You can load an object if you know its key. If loading the object fails, this will raise a Riak::FailedRequest error with the not_found? flag set.

bucket['S. S. Boatname']
bucket.get 'S. S. Boatname'

If you want to load or create an object with a given key, you can use Bucket#get_or_new to do it:

bucket.get_or_new 'Revenge of Boatname'

Loading Many Objects

Sometimes, you need to load a lot of objects in preparation for aggregation or another operation. The multi-get functionality allows you to use a nested Array of [Bucket, String<key>] identifiers (“pairs”) to load objects using multiple worker threads.

The array of pairs should be structured like this:

pairs = [
    [bucket, 'S. S. Boatname'],
    [bucket, 'Son of Boatname'],
    [bucket, 'Revenge of Boatname'],
]

The Riak::Client#get_many and Riak::Multiget.get_all class methods simply return the hash of pair to RObject instances:

# equivalent
results = client.get_many pairs
results = Riak::Multiget.get_all client, pairs

If you want to kick off a multiget operation and perform some other operations while it proceeds, use an instance of the Riak::Multiget class.

mg = Riak::Multiget.new client, pairs
mg.fetch
puts "Loading... Please wait..."
results = mg.results

Manipulating and Storing Objects

Raw Data, No Serialization

Use the RObject#raw_data accessors to manipulate the raw blob/string that represents the value of a Riak object. The client will not transform or parse this data.

robject.content_type = 'image/jpeg'
robject.raw_data = File.read 'cat.jpg'
robject.store

Serializing and Deserializing Data

Frequently, you’ll store objects you want to be serialized and deserialized for you.
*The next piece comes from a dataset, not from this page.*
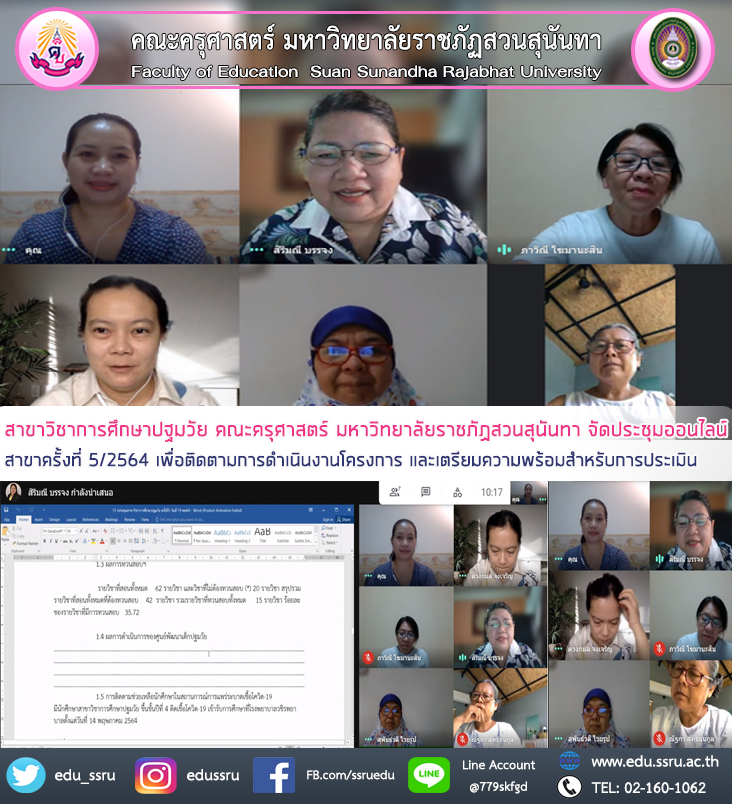วันที่ 20 พฤษภาคม 2564 สาขาวิชาการศึกษาปฐมวัย คณะครุศาสตร์ มหาวิทยาลัยราชภัฏสวนสุนันทา จัดประชุมออนไลน์สาขาครั้งที่ 5/2564 เพื่อติดตามการดำเนินงานโครงการ และเตรียมความพร้อมสำหรับการประเมิน

Set an appropriate content-type and use the #data accessors:

robject.content_type = 'application/json'
robject.data = {
    processor: 'MSP-430',
    sensors: %w{range binocular video},
    motor: "trolling motor",
    length: 137.16
}
robject.store # serializes the Ruby hash to JSON
robject.raw_data #=> "{\"processor\": \"MSP-430\"...
robject.data #=> {"processor" => "MSP-430",...

Out of the box, the Ruby client supports serializing and deserializing these content-types:

text/plain: string data only
application/json: uses MultiJson
application/x-ruby-marshal: uses Marshal in the Ruby core
text/yaml, text/x-yaml, application/yaml, application/x-yaml: use YAML in the Ruby standard library.

Deleting Objects

Objects can be deleted two different ways: the delete method on RObject instances, or the delete method on Bucket instances.

Deleting a RObject you have already fetched is easy. After the delete method returns, the instance will still have its data, but be frozen to prevent further changes.

robject.delete

Deleting from the Bucket without providing a vclock or causal context can cause issues if the object is updated and deleted at about the same time:

# delete the object with key 'Son of Boatname' without any causal context
bucket.delete 'Son of Boatname'

# delete the object with key 'Son of Boatname' with causal context
bucket.delete 'Son of Boatname', vclock: 'a85hYGBgzGDKBVIcypz/fpZz1XzPYEpkzGNluD1P4xxfFgA='

Content and Conflict

Riak objects can have more than one value. If you have an eventually-consistent bucket (i.e. not strongly consistent) with allow_mult enabled and last_write_wins disabled (choose wisely, it’s important), multiple values for a given object are common.

Resolving conflicts can be tricky! Riak’s CRDT implementation and how the Ruby client CRDT support works may lead you to a better solution than relying on client-side conflict resolution.

The Riak::RContent class handles properties of an individual value. Without conflict, Riak::RObject delegates many of its apparent properties to an RContent instance. With conflict, attempts to access these properties will raise a Riak::Conflict error.

robject.conflict? #=> true
robject.raw_data # raises Riak::Conflict

Manual Conflict Resolution

If a Riak::RObject is in conflict, you can resolve the conflict by setting its siblings array to an array with one element. Ideally, you’ll loop through the array of siblings and accumulate a correct one.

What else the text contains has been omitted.